Are you sure likely is appropriate here?

> +
> +	/* First climb the tree back to a parent branch */
> +	do {
> +		p = p->parent;
> +		if (!p)
> +			return false;
> +
> +		if (__sync_prefix(p, id) == p->prefix)
> +			break;
> +	} while (1);
> +
> +	/* And then descend again until we find our leaf */
> +	do {
> +		if (!p->height)
> +			break;
> +
> +		p = __sync_child(p)[__sync_idx(p, id)];
> +		if (!p)
> +			return false;
> +
> +		if (__sync_prefix(p, id) != p->prefix)
> +			return false;
> +	} while (1);
> +
> +	*root = p;
> +found:
> +	idx = id & MASK;

Would:

	GEM_BUG_ON(p->height);
	idx = __sync_idx(p, id);

be correct (even if more verbose) here instead of idx = id & MASK?

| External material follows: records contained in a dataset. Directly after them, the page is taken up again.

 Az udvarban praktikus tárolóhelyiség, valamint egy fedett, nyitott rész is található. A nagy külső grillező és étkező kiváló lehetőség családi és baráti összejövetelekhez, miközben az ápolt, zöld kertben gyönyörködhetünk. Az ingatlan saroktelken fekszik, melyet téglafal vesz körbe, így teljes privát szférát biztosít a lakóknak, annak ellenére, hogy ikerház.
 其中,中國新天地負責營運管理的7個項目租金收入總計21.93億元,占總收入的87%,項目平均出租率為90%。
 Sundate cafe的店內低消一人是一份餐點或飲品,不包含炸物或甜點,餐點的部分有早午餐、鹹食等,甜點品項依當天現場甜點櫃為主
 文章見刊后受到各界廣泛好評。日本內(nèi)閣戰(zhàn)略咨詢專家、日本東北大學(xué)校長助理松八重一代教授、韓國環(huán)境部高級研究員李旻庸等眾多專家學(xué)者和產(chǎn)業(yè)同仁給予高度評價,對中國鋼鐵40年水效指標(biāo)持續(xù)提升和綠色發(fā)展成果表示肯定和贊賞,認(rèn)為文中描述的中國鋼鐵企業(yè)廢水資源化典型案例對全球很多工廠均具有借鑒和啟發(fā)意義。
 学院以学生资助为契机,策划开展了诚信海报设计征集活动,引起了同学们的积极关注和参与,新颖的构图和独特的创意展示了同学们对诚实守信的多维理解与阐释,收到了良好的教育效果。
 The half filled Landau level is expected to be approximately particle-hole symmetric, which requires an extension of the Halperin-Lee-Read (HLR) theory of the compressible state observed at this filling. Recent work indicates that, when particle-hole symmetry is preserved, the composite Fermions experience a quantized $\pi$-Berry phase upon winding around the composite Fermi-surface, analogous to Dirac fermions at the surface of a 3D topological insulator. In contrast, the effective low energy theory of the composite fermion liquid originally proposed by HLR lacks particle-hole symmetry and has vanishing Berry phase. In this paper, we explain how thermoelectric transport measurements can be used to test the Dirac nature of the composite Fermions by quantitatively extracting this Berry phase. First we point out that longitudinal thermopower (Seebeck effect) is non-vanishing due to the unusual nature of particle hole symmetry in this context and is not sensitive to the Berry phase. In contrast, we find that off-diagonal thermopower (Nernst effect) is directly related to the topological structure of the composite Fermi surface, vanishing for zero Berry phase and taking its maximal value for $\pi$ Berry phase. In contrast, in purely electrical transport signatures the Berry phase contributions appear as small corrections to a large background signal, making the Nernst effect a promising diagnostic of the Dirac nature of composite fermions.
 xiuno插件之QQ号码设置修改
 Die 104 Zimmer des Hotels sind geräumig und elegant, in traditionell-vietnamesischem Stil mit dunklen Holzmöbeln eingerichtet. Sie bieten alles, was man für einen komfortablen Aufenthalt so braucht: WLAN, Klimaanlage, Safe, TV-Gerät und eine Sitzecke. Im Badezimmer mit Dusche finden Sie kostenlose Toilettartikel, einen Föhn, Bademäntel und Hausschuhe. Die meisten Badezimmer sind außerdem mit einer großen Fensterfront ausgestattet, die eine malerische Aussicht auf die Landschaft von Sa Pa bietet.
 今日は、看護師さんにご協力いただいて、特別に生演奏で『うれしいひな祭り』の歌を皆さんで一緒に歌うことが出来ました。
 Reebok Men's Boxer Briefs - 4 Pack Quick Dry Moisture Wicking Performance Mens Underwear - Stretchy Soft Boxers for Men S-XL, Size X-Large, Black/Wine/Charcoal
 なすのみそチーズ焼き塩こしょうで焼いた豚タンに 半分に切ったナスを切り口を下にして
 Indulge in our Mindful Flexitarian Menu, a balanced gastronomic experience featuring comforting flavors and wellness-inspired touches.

> +	if (!(p->bitmap & BIT(idx)))
> +		return false;

I was thinking briefly whether seqno+bitmap get/set helpers would be 
helpful but I think there is no need. With the __sync_*_prefix algorithm 
is much more readable already.

> +
> +	return seqno_later(__sync_seqno(p)[idx], seqno);
> +}
> +
> +static struct i915_syncmap *
> +__sync_alloc_leaf(struct i915_syncmap *parent, u64 id)
> +{
> +	struct i915_syncmap *p;
> +
> +	p = kmalloc(sizeof(*p) + KSYNCMAP * sizeof(u32), GFP_KERNEL);
> +	if (unlikely(!p))
> +		return NULL;
> +
> +	p->parent = parent;
> +	p->height = 0;
> +	p->bitmap = 0;
> +	p->prefix = __sync_leaf(p, id);
> +	return p;
> +}
> +
> +static noinline int
> +__i915_syncmap_set(struct i915_syncmap **root, u64 id, u32 seqno)
> +{
> +	struct i915_syncmap *p = *root;
> +	unsigned int idx;
> +
> +	if (!p) {
> +		p = __sync_alloc_leaf(NULL, id);
> +		if (unlikely(!p))
> +			return -ENOMEM;
> +
> +		goto found;
> +	}
> +

GEM_BUG_ON(p->prefix == __sync_leaf_prefix(p, id)) ? Or maybe better try 
to handle it rather than expect caller will never do that? By handling 
it I mean not immediately strt climbing the tree just below but check 
for the condition first and goto found.

> +	/* Climb back up the tree until we find a common prefix */
> +	do {
> +		if (!p->parent)
> +			break;
> +
> +		p = p->parent;
> +
> +		if (__sync_prefix(p, id) == p->prefix)
> +			break;
> +	} while (1);
> +
> +	/*
> +	 * No shortcut, we have to descend the tree to find the right layer
> +	 * containing this fence.
> +	 *
> +	 * Each layer in the tree holds 16 (KSYNCMAP) pointers, either fences
> +	 * or lower layers. Leaf nodes (height = 0) contain the fences, all
> +	 * other nodes (height > 0) are internal layers that point to a lower
> +	 * node. Each internal layer has at least 2 descendents.
> +	 *
> +	 * Starting at the top, we check whether the current prefix matches. If
> +	 * it doesn't, we have gone passed our layer and need to insert a join
> +	 * into the tree, and a new leaf node as a descendent as well as the
> +	 * original layer.
> +	 *
> +	 * The matching prefix means we are still following the right branch
> +	 * of the tree. If it has height 0, we have found our leaf and just
> +	 * need to replace the fence slot with ourselves. If the height is
> +	 * not zero, our slot contains the next layer in the tree (unless
> +	 * it is empty, in which case we can add ourselves as a new leaf).
> +	 * As descend the tree the prefix grows (and height decreases).
> +	 */
> +	do {
> +		struct i915_syncmap *next;
> +
> +		if (__sync_prefix(p, id) != p->prefix) {
> +			unsigned int above;
> +
> +			/* insert a join above the current layer */
> +			next = kzalloc(sizeof(*next) + KSYNCMAP * sizeof(next),
> +				       GFP_KERNEL);

Next is above, right? Would common_parent be correct? Or 
lowest_common_parent? Possibly not the name because it is too long, but 
I'm trying to figure out if I got the fls and xor business right.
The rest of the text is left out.